I do believe that changing of the tools does change the style of the artistic work sometimes. Novelist Neil Gaiman spoke about this on the Tim Ferriss Podcast, and I believe this essence can be attributed to many other disciplines. Here, he talks about the different-ness he got from writing longhand vs a word processor:
What I would do back then is I would do my rough draft on scrap paper, single spaced so that it couldn’t be used, and also so that I could get as many words on. Paper was expensive. […] I remember the joy of getting my first computer, and just the idea that I wasn’t making paper dirty. Nothing mattered until I pressed print, and that was absolutely and utterly liberating.

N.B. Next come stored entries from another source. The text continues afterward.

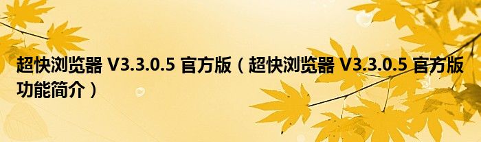 超快浏览器 V3.3.0.5 官方版(超快浏览器 V3.3.0.5 官方版功能简介)
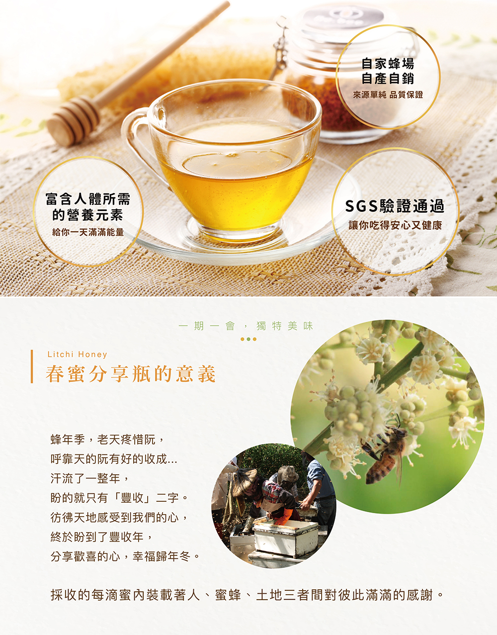 採自春季盛開的荔枝花,好天氣釀出豐收好蜜,抱著滿滿的感謝,透過分享春蜜,將這份幸福感傳給您,品好蜜,甜心裡。
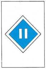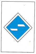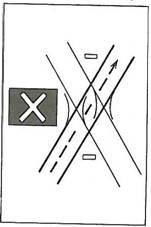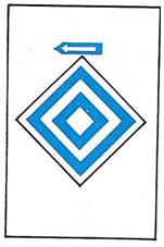 Csúcsára állított kék négyzet merőlegesen a vágányra.
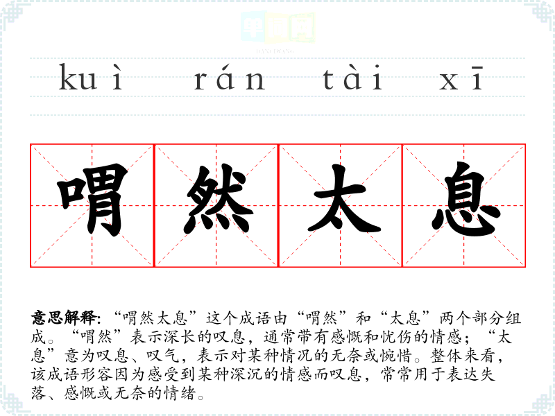“喟然太息”这个成语由“喟然”和“太息”两个部分组成。“喟然”表示深长的叹息,通常带有感慨和忧伤的情感;“太息”意为叹息、叹气,表示对某种情况的无奈或惋惜。整体来看,该成语形容因为感受到某种深沉的情感而叹息,常常用于表达失落、感慨或无奈的情绪。
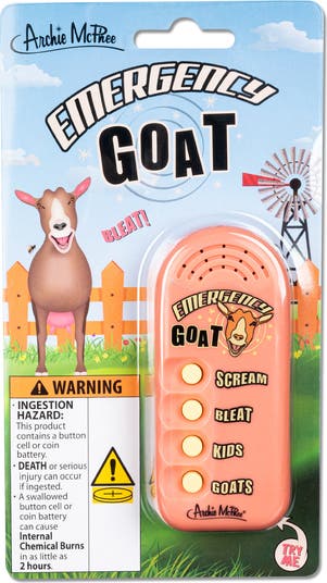 ACCOUTREMENTS: ARCHIE MCPHEE - ELECTRONIC EMERGENCY GOAT NOISEMAKER - It’s a goat emergency! Turns out GOAT not only stands for Greatest Of All Time, but it’s also one of the most delightfully chaotic barnyard animals ever to chew a tin can. We all dream of owning our own herd of bleating, horned kids, but zoning laws, allergies, and confused neighbors often get in the way. That’s where this 3½" Electronic Emergency Goat Noisemaker comes charging in. With four authentic sounds, scream, bleat, kids, and goats, you can summon the spirit of the pasture anytime, anywhere. Staff meeting getting dull? Goat scream. Friend having a bad day? Reassuring bleat. Need to establish farm dominance? Full herd mode. Compact enough for pockets, purses, and emergency overalls, this portable livestock experience delivers instant rural charm without hay in your shoes. Features easy-to-press buttons and includes three LR44 batteries, so you’re ready to hoof it right out of the box. It’s the Greatest Of All Toys. OVERVIEW: Features four authentic goat sounds: scream, bleat, kids, and goats, allat the press of a button. Perfect for pranks, stress relief, or adding instant farmyard flair to any situation. Compact 3½" size makes it easy to carry for on-the-go barnyard emergencies. Simple push-button controls deliver immediate goat chaos anytime you need it.
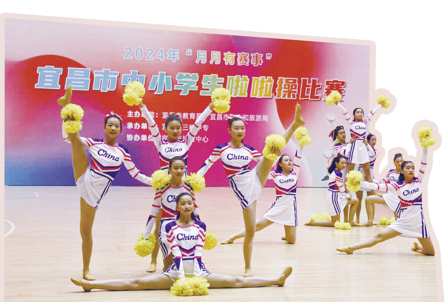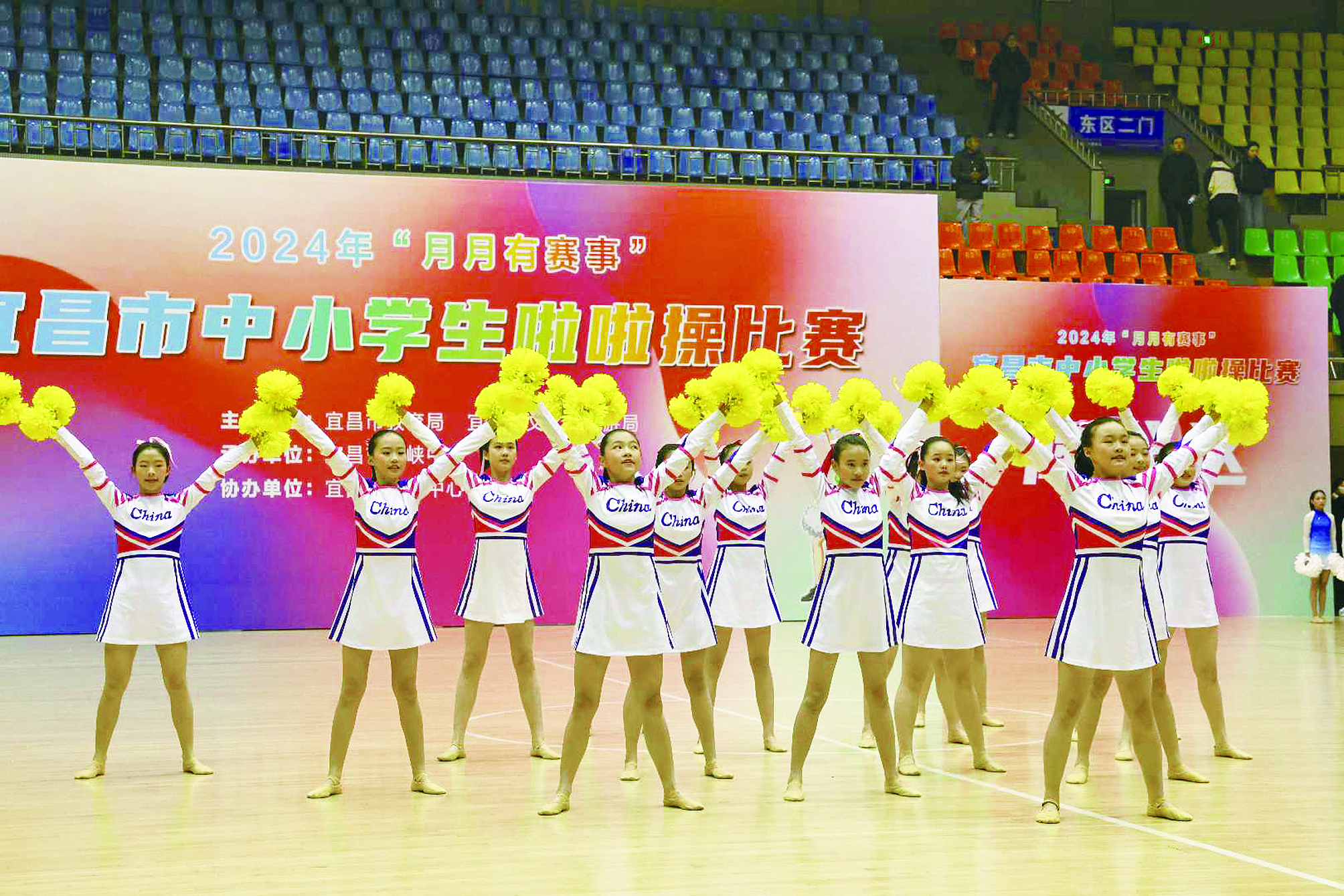 12月14日,2024年宜昌市中小学生、幼儿园啦啦操比赛在宜昌市体育中心体育馆举行。15支参赛队现场进行了规定动作啦啦操、爵士街舞啦啦操比赛。(记者吴延陵 摄)

And then, a decade on, picking up a notebook, it was for Stardust, which I’d decided that I wanted the rhythms of Stardust to be very antiquated rhythms, and I thought there’s probably a difference to the way that one writes with a fountain pen. [17th and 18th] century writing, you notice [tendencies] to go in very, very long sentences and long paragraphs. My theory about this is that one reason why you get this is because you’re using dip pens, and if you pause, they dry up. You just have to keep going. It forces you to do a kind of writing where you’re going for a very long sentence and you’re going to go for a long paragraph and you’re going to keep moving in this thing, and you’re thinking ahead.
If you’re writing on a computer, you’ll think of the sort of thing that you mean, and then write that down and look at it and then fiddle with it and get it to be the thing that you mean. If you’re writing in fountain pen, if you do that, you just wind up with a page covered with crossings out, so it’s actually so much easier to just think a little bit more. You slow up a bit, but you’re thinking the sentence through to the end, and then you start writing.
You write that, and then you pause and then you write the next one. At least that was the way that I hypothesized that I might be writing, and I wanted Stardust to feel like it had been written in the late 1920s. I thought to do that I should probably get myself a fountain pen and a book, so that was how I started writing that. Again, what I loved was suddenly feeling liberated. Saying, “Ah, I’m not actually making words that are not going down in phosphor on a computer screen.”
— The Tim Ferriss Show, interview with Neil Gaiman (link to podcast transcript)
Tools could change style. But whatever tool you choose, remember:
Skill is skill.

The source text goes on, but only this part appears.